Provided data:
——

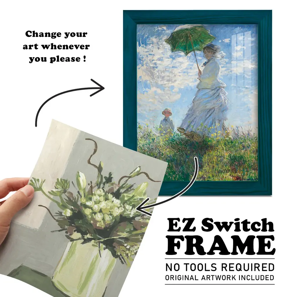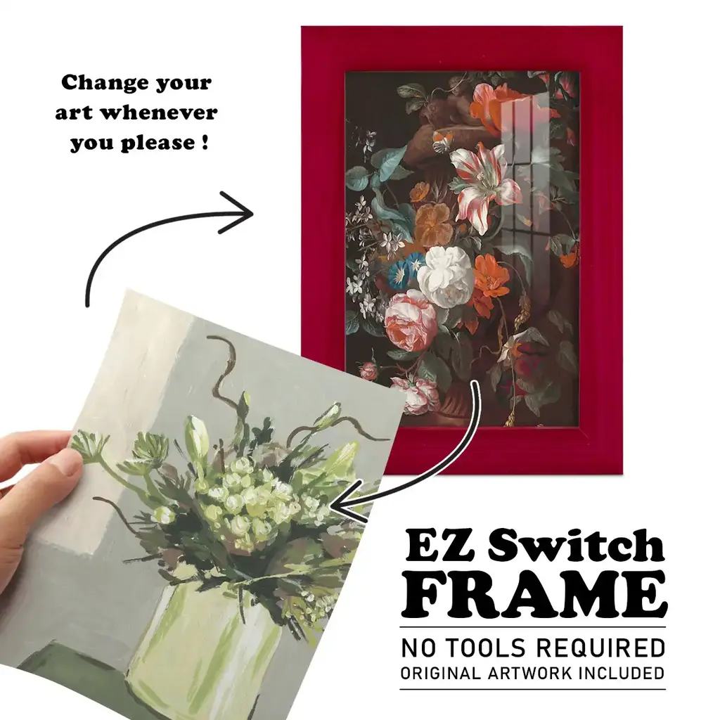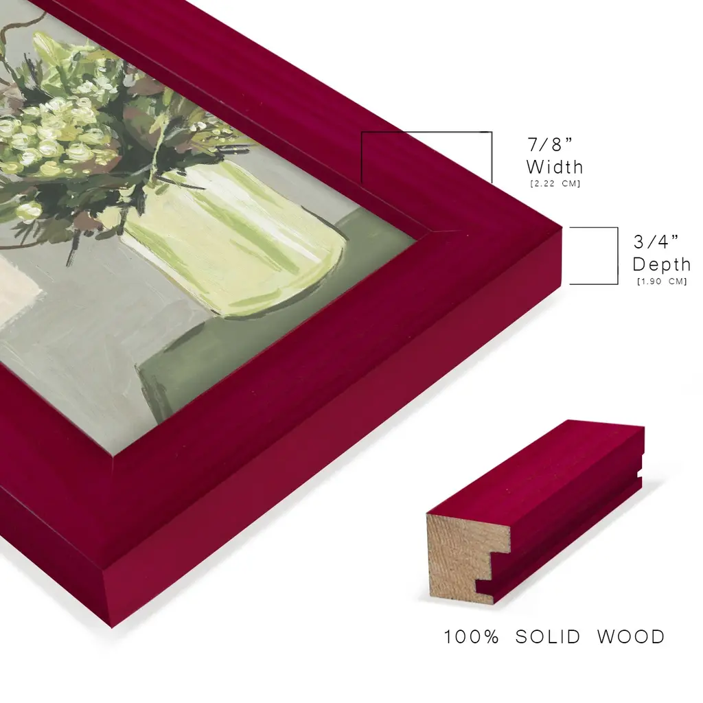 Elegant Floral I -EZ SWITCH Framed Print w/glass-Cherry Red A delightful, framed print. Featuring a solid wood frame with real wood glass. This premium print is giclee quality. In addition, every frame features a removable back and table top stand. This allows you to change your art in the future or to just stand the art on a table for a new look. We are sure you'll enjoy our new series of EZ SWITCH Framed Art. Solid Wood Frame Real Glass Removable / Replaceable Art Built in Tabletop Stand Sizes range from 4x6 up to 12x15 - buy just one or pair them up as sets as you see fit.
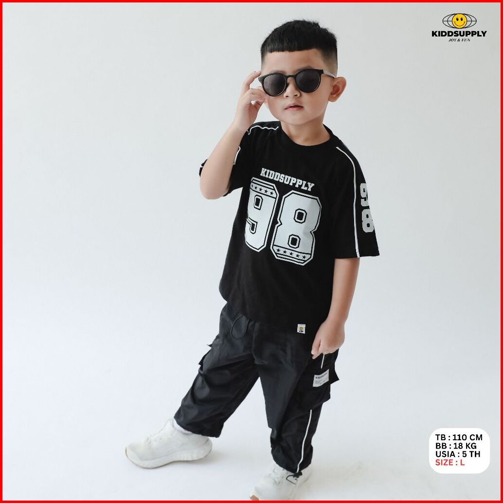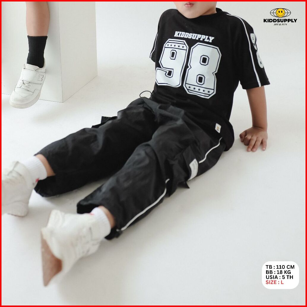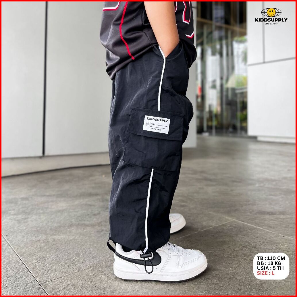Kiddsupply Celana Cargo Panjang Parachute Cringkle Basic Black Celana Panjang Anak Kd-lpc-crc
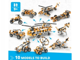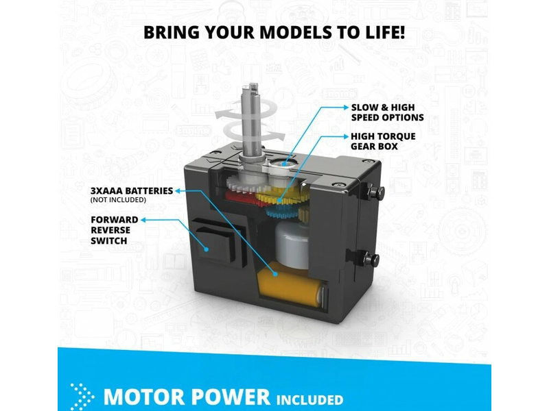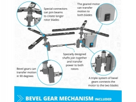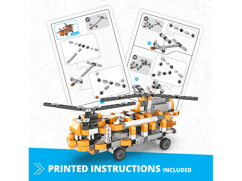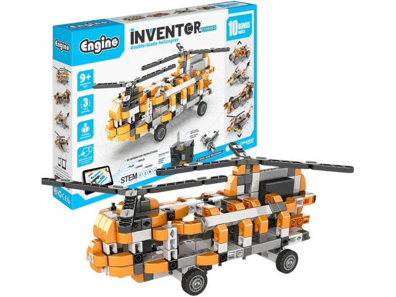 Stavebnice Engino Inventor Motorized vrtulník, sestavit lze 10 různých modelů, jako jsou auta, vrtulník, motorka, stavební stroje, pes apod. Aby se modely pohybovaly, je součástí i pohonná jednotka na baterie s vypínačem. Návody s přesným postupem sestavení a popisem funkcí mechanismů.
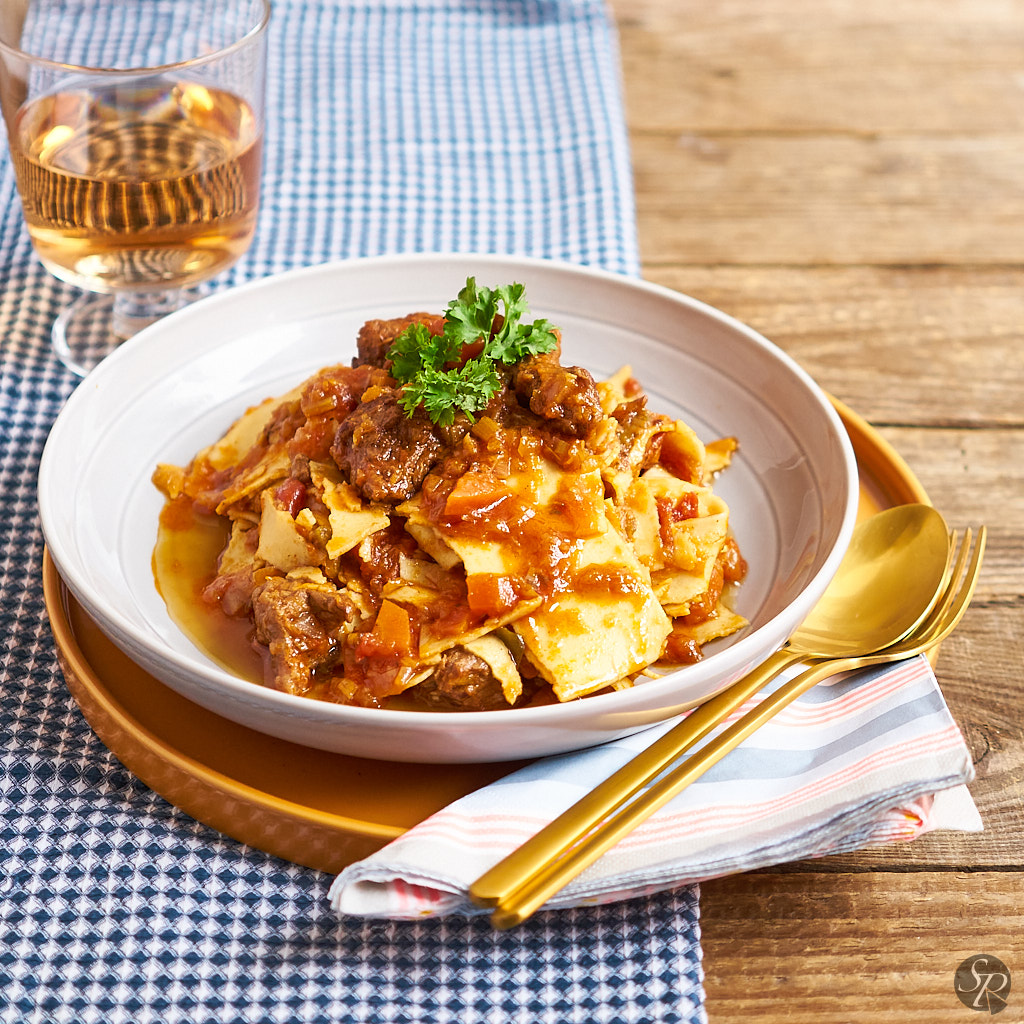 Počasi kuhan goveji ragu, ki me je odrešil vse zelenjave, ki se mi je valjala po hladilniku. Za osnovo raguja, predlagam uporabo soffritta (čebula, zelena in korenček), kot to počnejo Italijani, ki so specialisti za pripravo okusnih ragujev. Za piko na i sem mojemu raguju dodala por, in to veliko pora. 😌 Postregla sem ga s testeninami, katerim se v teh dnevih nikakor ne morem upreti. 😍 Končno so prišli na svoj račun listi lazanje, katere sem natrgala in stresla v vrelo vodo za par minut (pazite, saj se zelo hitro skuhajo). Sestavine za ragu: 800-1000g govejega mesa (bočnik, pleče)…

——

Your instructions:
Transcribe, word for word, only the material from its opening line through the line containing "Stavebnice Engino Inventor", both ends included, and omit the pictures.

Answer space:
 Elegant Floral I -EZ SWITCH Framed Print w/glass-Cherry Red A delightful, framed print. Featuring a solid wood frame with real wood glass. This premium print is giclee quality. In addition, every frame features a removable back and table top stand. This allows you to change your art in the future or to just stand the art on a table for a new look. We are sure you'll enjoy our new series of EZ SWITCH Framed Art. Solid Wood Frame Real Glass Removable / Replaceable Art Built in Tabletop Stand Sizes range from 4x6 up to 12x15 - buy just one or pair them up as sets as you see fit.
Kiddsupply Celana Cargo Panjang Parachute Cringkle Basic Black Celana Panjang Anak Kd-lpc-crc
 Stavebnice Engino Inventor Motorized vrtulník, sestavit lze 10 různých modelů, jako jsou auta, vrtulník, motorka, stavební stroje, pes apod. Aby se modely pohybovaly, je součástí i pohonná jednotka na baterie s vypínačem. Návody s přesným postupem sestavení a popisem funkcí mechanismů.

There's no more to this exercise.